Washington - The US Food and Drug Administration has granted approval for two gene therapies designed to treat sickle cell disease (SCD) in individuals aged 12 years and older.
In an official statement, the FDA revealed that Casgevy, a cell-based gene therapy, has been approved for individuals aged 12 and above with recurring vaso-occlusive crises associated with sickle cell disease. Notably, Casgevy is the first FDA-approved therapy incorporating CRISPR/Cas9, a genome editing technology.
Another gene therapy, Lyfgenia, has received approval for patients aged 12 years and above with sickle cell disease and a history of vaso-occlusive events. This cell-based gene therapy employs a lentiviral vector for genetic modification. According to the FDA, Lyfgenia involves genetically modifying the patient's blood stem cells to produce HbAT87Q, a gene-therapy-derived hemoglobin that functions similarly to hemoglobin A found in individuals without sickle cell disease.

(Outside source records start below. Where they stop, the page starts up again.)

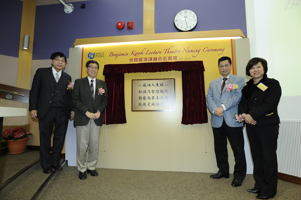 香港城市大學(城大)1月8日舉行命名典禮,以城大校友郭燦耀先生的名字將學術樓(一)的16號演講廳正式命名為「郭燦耀演講廳」,以表彰郭先生對大學的慷慨支持及對社會的貢獻。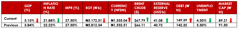 Bonds: The bond market traded mixed throughout the week. The average yield for the mid-tenor and long tenor bonds increased by 39 bps and 16 bps to 17.11% and 15.86% while the short-tenor bonds decreased by 1bp to 16.64%.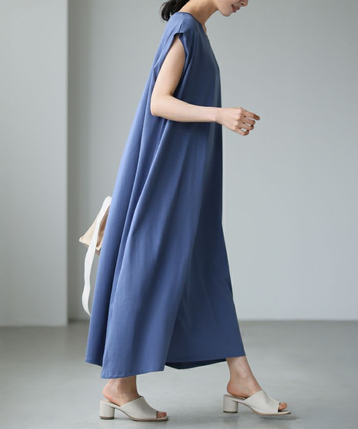締め付け感のない、ゆったりとしたワンピース。動くたびに揺れる、美しいフレアシルエット。肩の内側にタックを入れたデザインがアクセントに。さらっとした綿100%生地で、暑い季節も快適な着心地。デイリーからお出掛けまで活躍してくれる、シンプルなアイテムです。

Red blood cells containing HbAT87Q have a lower risk of sickling, preventing blood vessel obstruction. The modified stem cells are then administered to the patient.
The FDA Director of the Center for Biologics Evaluation and Research, Peter Marks, MD, PhD, emphasized the significance of these approvals, characterizing them as a crucial medical advancement. Vertex Pharmaceuticals Inc. received approval for Casgevy, while Bluebird Bio Inc. secured approval for Lyfgenia.

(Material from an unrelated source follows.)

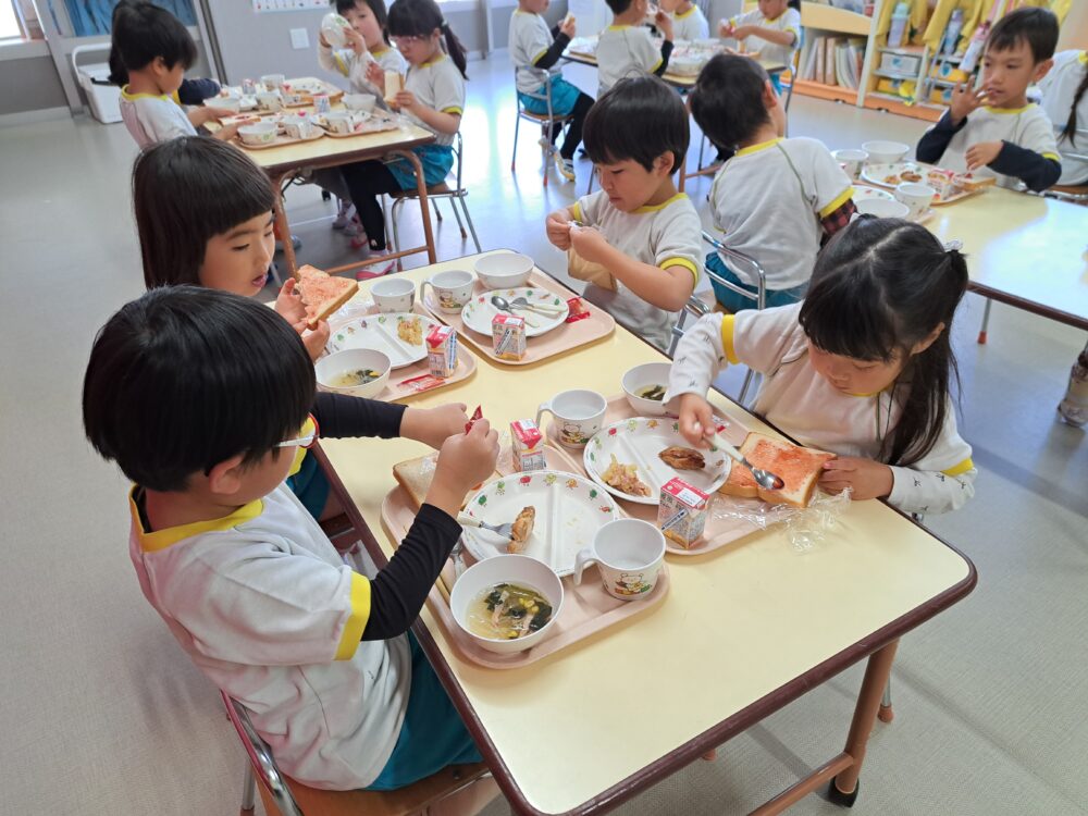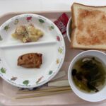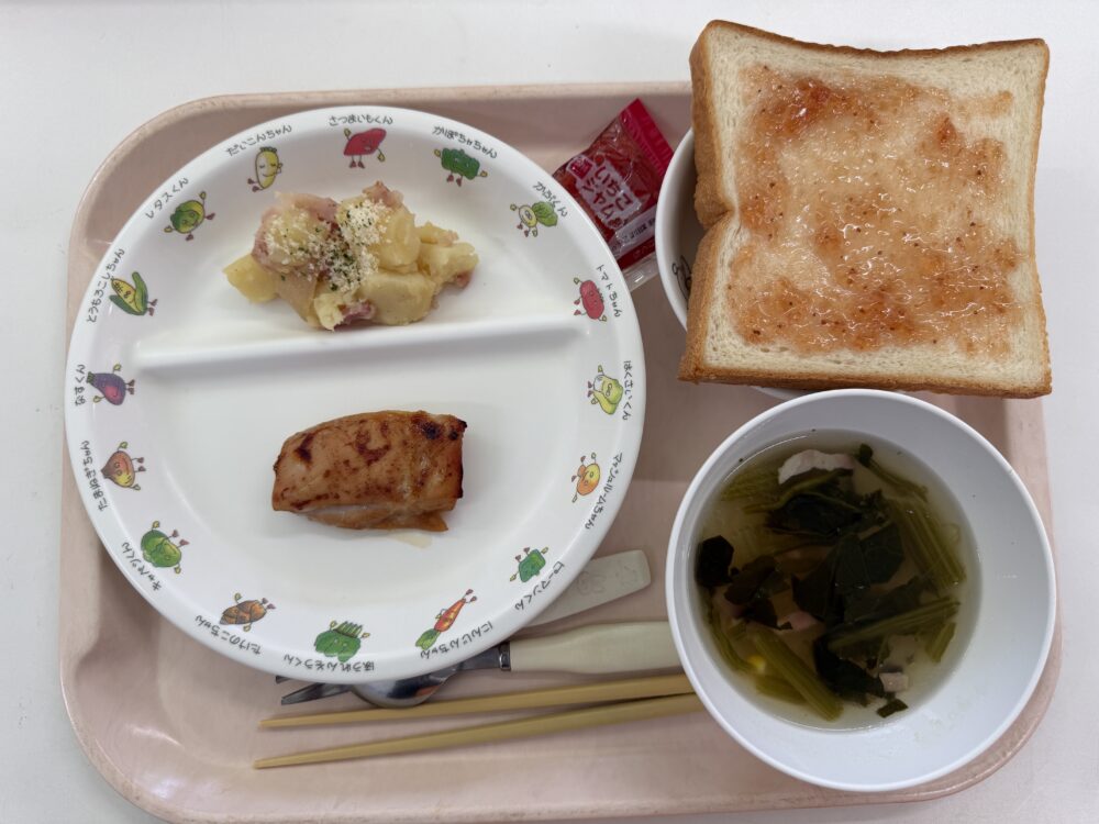 給食(食パン・照り焼きチキン・ジャーマンポテト・ポパイスープ・野菜ジュース)

Marks commented in the statement, "These approvals represent an important medical advance with the use of innovative cell-based gene therapies to target potentially devastating diseases and improve public health." He added that the FDA's commitment to fostering the development of safe and effective treatments for severe health conditions underpinned the rigorous evaluations of scientific and clinical data.
Sickle cell disease, a collection of inherited blood disorders, affects around 100,000 people in the US, primarily among African Americans and, to a lesser extent, Hispanic Americans. The condition results from a mutation in hemoglobin, causing red blood cells to assume a crescent or "sickle" shape. This abnormal shape leads to blood vessel constriction, reduced oxygen delivery to tissues, and severe pain and organ damage known as vaso-occlusive events (VOEs) or vaso-occlusive crises (VOCs), as outlined by the FDA. Recurrent crises can pose life-threatening risks and result in significant disabilities or premature death.